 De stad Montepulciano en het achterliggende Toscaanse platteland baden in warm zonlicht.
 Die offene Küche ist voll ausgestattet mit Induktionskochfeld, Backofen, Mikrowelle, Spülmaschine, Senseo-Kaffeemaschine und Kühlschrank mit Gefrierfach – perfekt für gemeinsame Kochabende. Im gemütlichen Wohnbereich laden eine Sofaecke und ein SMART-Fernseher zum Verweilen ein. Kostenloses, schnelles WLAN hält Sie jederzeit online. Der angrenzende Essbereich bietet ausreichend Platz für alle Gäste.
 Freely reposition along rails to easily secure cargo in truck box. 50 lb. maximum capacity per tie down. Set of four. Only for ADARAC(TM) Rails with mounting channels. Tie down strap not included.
---
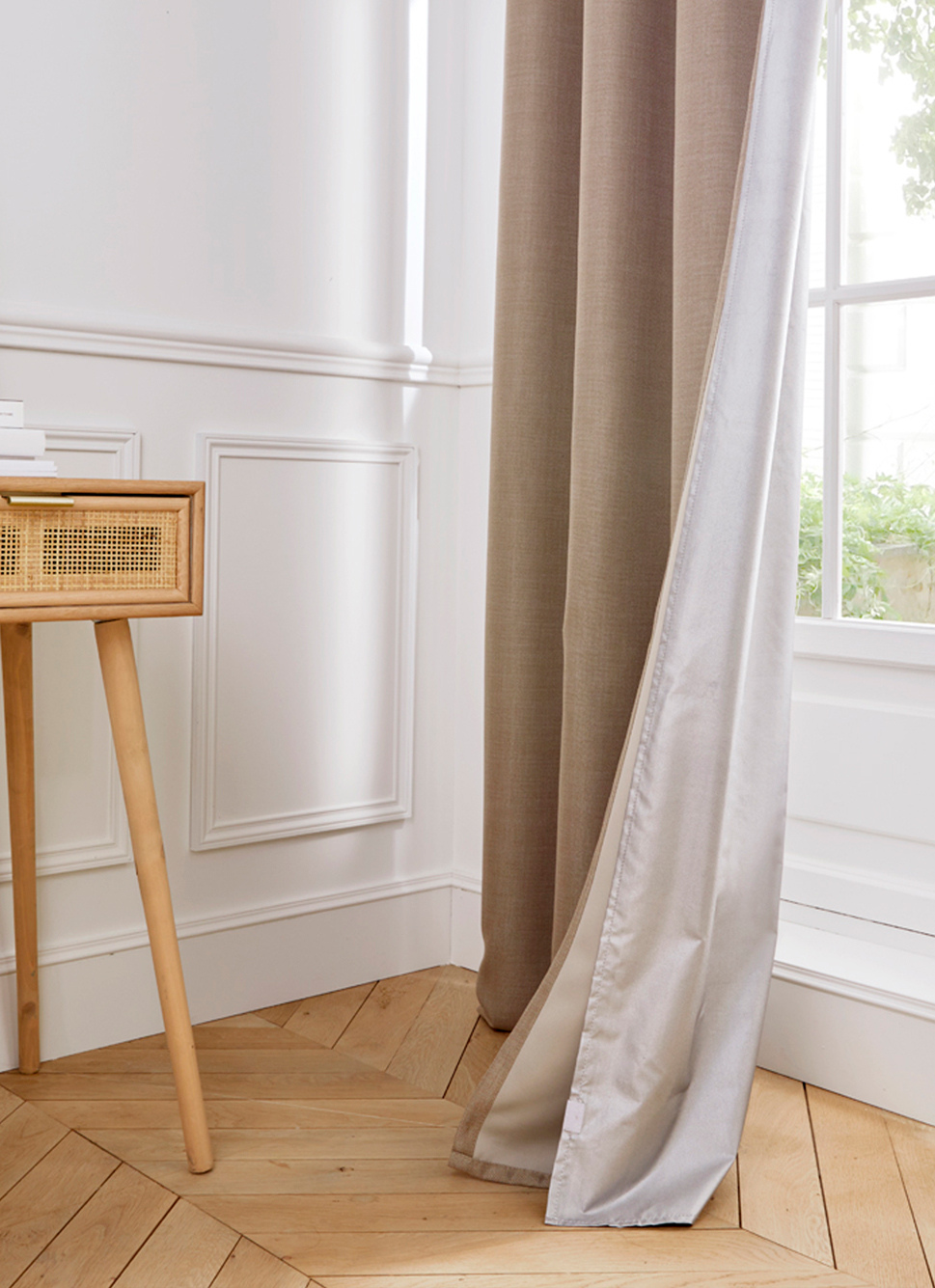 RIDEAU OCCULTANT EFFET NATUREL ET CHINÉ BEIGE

* **What you need to do**:
Using the listing above, return word for word each line from the one that has "De stad Montepulciano" through the one that has "Die offene Küche", and no line outside that range.

* **Exercise output**:
 De stad Montepulciano en het achterliggende Toscaanse platteland baden in warm zonlicht.
 Die offene Küche ist voll ausgestattet mit Induktionskochfeld, Backofen, Mikrowelle, Spülmaschine, Senseo-Kaffeemaschine und Kühlschrank mit Gefrierfach – perfekt für gemeinsame Kochabende. Im gemütlichen Wohnbereich laden eine Sofaecke und ein SMART-Fernseher zum Verweilen ein. Kostenloses, schnelles WLAN hält Sie jederzeit online. Der angrenzende Essbereich bietet ausreichend Platz für alle Gäste.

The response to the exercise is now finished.